I have also been thinking about how I’ve given different children of mine different gifts than their siblings. Our first-born had a warm, fresh towel for his nightly bath; our fourth child gets a bath…um…a little less frequently, and certainly has never had a towel fresh from the dryer! However, our fourth baby does have three adoring older siblings who can’t get enough of him. I also nursed two of our children for a full year, and the other two for five and then seven months. Family members and friends and our much-loved babysitters–not to mention daddy–got to spend some special moments loving on those two bottlefed babies. Our oldest child spent two years in a wonderful Catholic school. My next-oldest has never been to traditional school. They’re both doing just fine as homeschoolers now. My third child, Gianna, slept in a pack n’ play in her grandparents’ house until she was almost two (we lived with my mom and dad for two years…here’s that story). I used to feel so bad that she didn’t have a darling little nursery like her big brother and sister. (Living with my parents really turned upside down all of my previous ideas of “need” and “want,” though. Today, Gianna is no worse for wear. She sleeps like a dream wherever we put her when we travel, too.)
Different gifts, right?:)
Feeling a 100% certainty that we’re doing everything right is a deep-down desire for many of us. (By the way, I do believe there are certain gifts that all Christian parents should give their children, but that’s for another post!) I just don’t know that we can ever know that we’re doing everything right. I’m not even sure that God designed things to work that way, as in “just ask God about everything and you’ll never make mistakes.” I for one wish that’s how God worked! “Jump, Lord? Sure! How high?”; “Which brand should I buy?”; “This kind of discipline or that one?”; “To work or not to work?!” “Sign up or stay home?”; “Co-sleeping or crib?”; “Gluten, red dye, dough softener, and high fructose corn syrup- free? You got it!”.
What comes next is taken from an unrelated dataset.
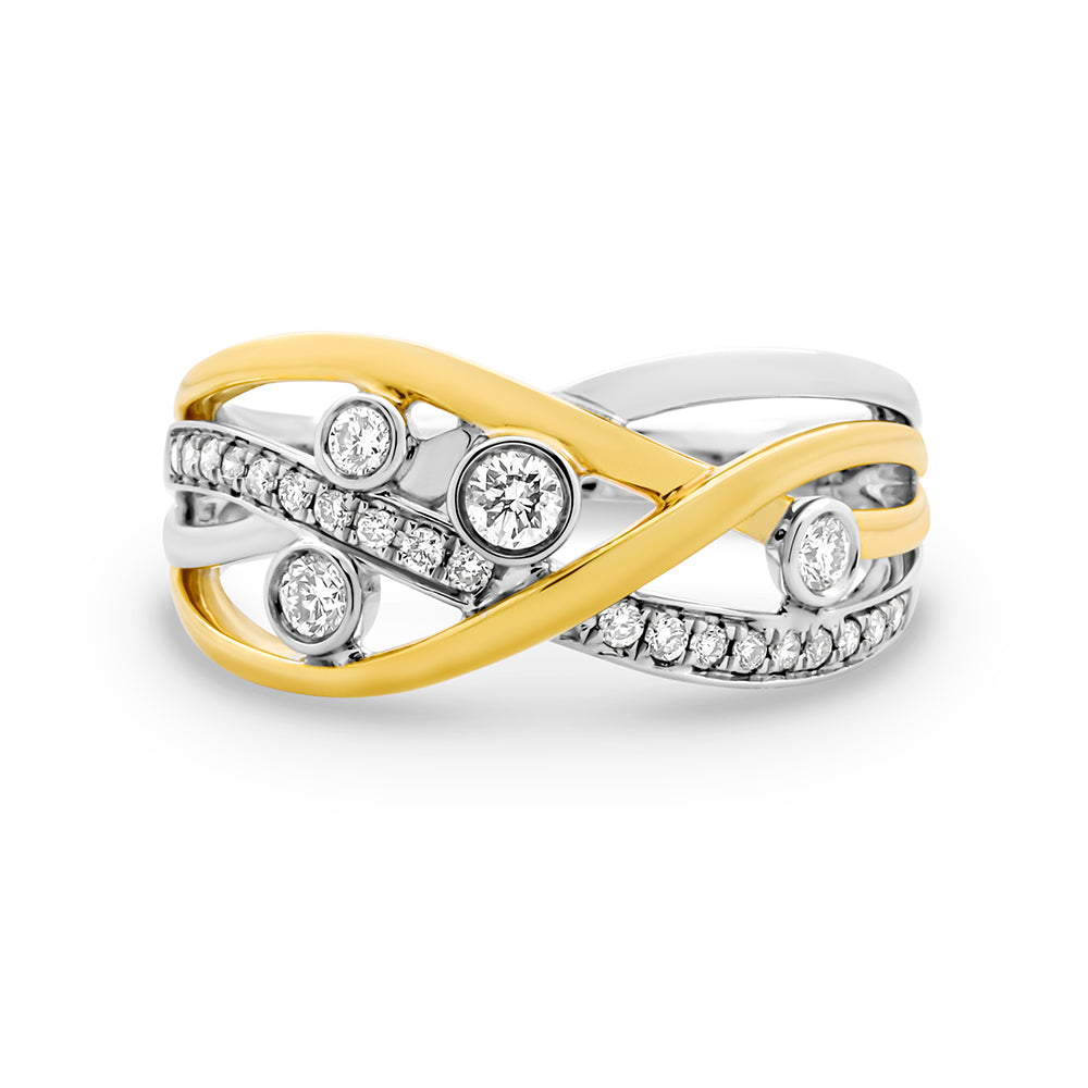 This ring is made from 9ct yellow and white gold. It features 4 randomly placed round brilliant cut diamonds bezel set in white gold. The ring also features 19 smaller, round brilliant cut diamonds bead set in white gold. The remainder of the twisted design of the ring is made up of one white gold arm and shank with two yellow gold arms.
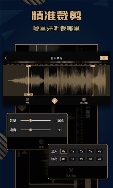 功能汇总:音乐剪辑铃声编辑、剪裁音乐、音频格式转换、音频合并拼接混音、歌曲制作合成、录音变声变音、剪接调整音量大小、淡入淡出、从视频提取音乐、调整速度。

Wouldn’t that be nice? 🙂 But as a priest friend once told me, “Sometimes what God wants is for us to figure out our problems on our own. That’s why He gave us our minds and our consciences.”
I’ve got to pray and discern. Talk to my husband. Try to maintain a well-formed conscience. Do my best. Then trust God to wrap all that I do up in His mercy.
Lord, show me what I need to do, for my part, to take good care of my family’s spiritual, physical, material and psychological well being. Give me the graces to be honest, realistic, discerning, and humble in assessing our needs. Help me not to compare what I can give to what others can give. Help me to see the good gifts I am giving to my family. In your Mercy, please show me where you are pleased with me. Amen.
Little Roman Anthony at 7 months:)
We got a dog! Among other you-did-what?! news I’ll share about soon. Her name is Sadie, and she is a Standard Poodle mix, looking very Labradoodley so far. She’s a love.